** Source information follows **

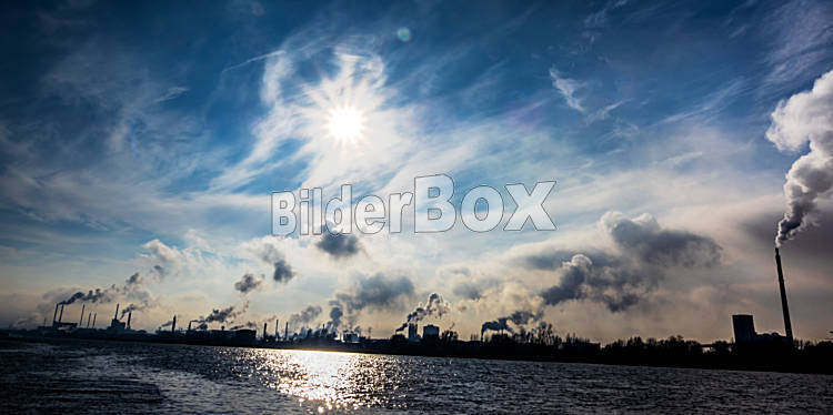 Beschreibung Rauchende Schlote auf einem Industriegelände. Symbolbild Umwelt
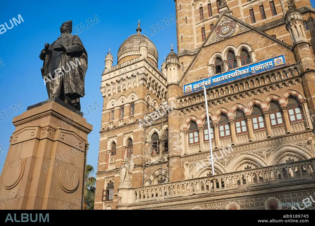 India: The Brihanmumbai Municipal Corporation (BMC) Building in Mumbai, with a statue of Sir Pherozeshah Merwanjee Mehta (1845 - 1915), Parsi politician and lawyer
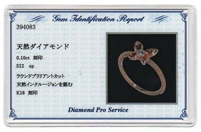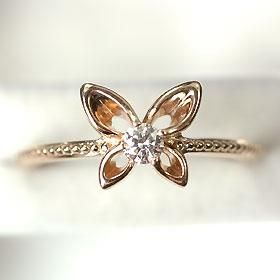 K18PG・ダイヤモンド0.1ct(SIクラス・鑑別書カード付) バタフライリング
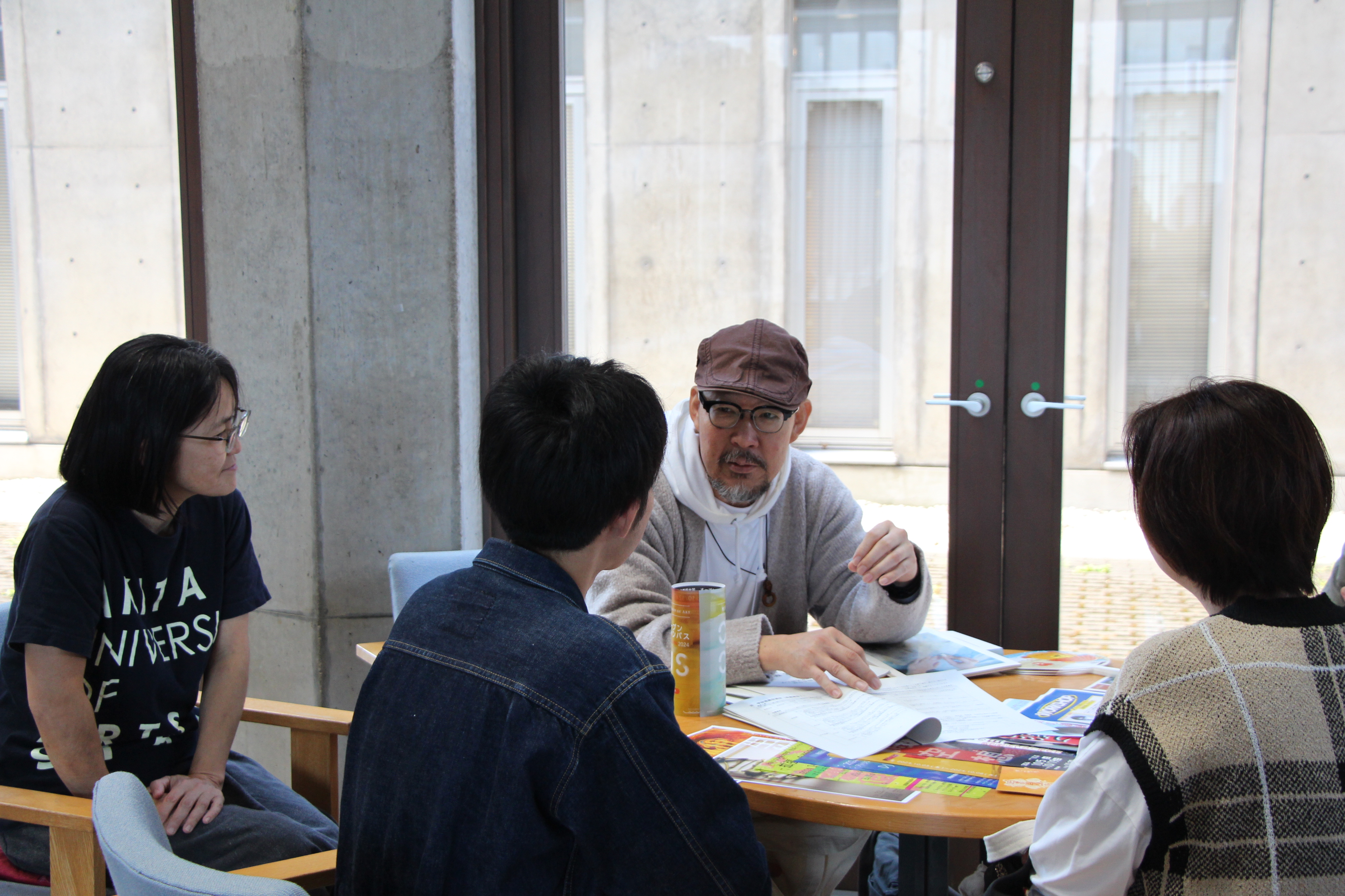 教員によるトークイベントでは、アーツ&ルーツ専攻の藤浩志教授と、ビジュアルアーツ専攻の岩井成昭教授が登壇しました。
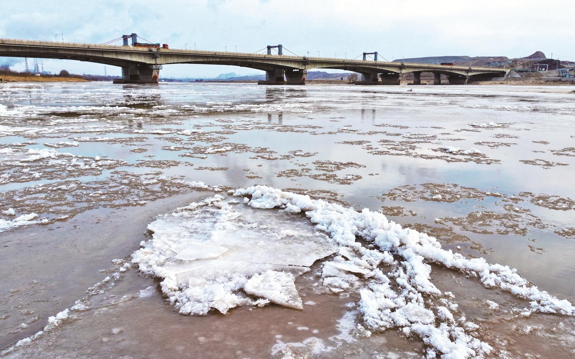 这是1月5日在宁夏石嘴山市惠农区拍摄的黄河流凌(无人机照片)。近日,受寒潮天气影响,黄河宁夏石嘴山段出现流凌景观,大面积的冰凌随着水流相互碰撞,构成一幅美丽的冬日画卷。
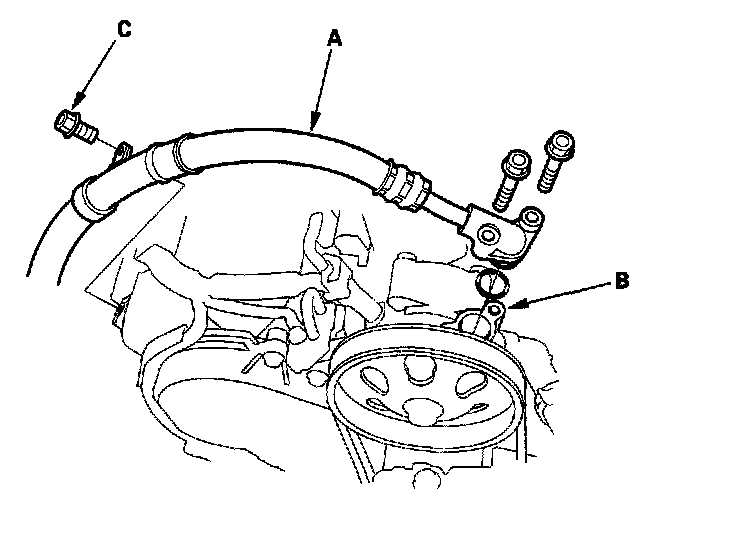 11. Remove the power steering pump outlet hose (A) at the pump (B), and remove the hose clamp bolt (C).
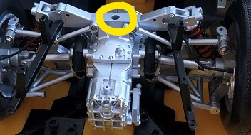 So what I did was drill through the plastic top cover in the existing hole and through the metal transaxle case with a .085 drill bit and insert a M2.5x8 allen head self-tapping screw into the hole to secure the crossmember to the transaxle.
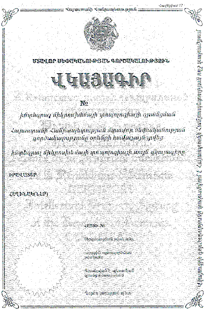 127. Ինտեգրալ միկրոսխեմայի (ԻՄՏ) վկայագրի ձևաթուղթը (հավելված 12) լրացվում է բաժնի կողմից՝ գրանցամատյանի տվյալների հիման վրա և ստորագրվում է գործակալության պետի կողմից: Գործակալության պետի ստորագրությունը հաստատվում է գործակալության կնիքով։

** End of Source information **

Pick up at the line containing "So what I did" and copy each line exactly until the data ends, including that last line; copy no pictures.

 So what I did was drill through the plastic top cover in the existing hole and through the metal transaxle case with a .085 drill bit and insert a M2.5x8 allen head self-tapping screw into the hole to secure the crossmember to the transaxle.
 127. Ինտեգրալ միկրոսխեմայի (ԻՄՏ) վկայագրի ձևաթուղթը (հավելված 12) լրացվում է բաժնի կողմից՝ գրանցամատյանի տվյալների հիման վրա և ստորագրվում է գործակալության պետի կողմից: Գործակալության պետի ստորագրությունը հաստատվում է գործակալության կնիքով։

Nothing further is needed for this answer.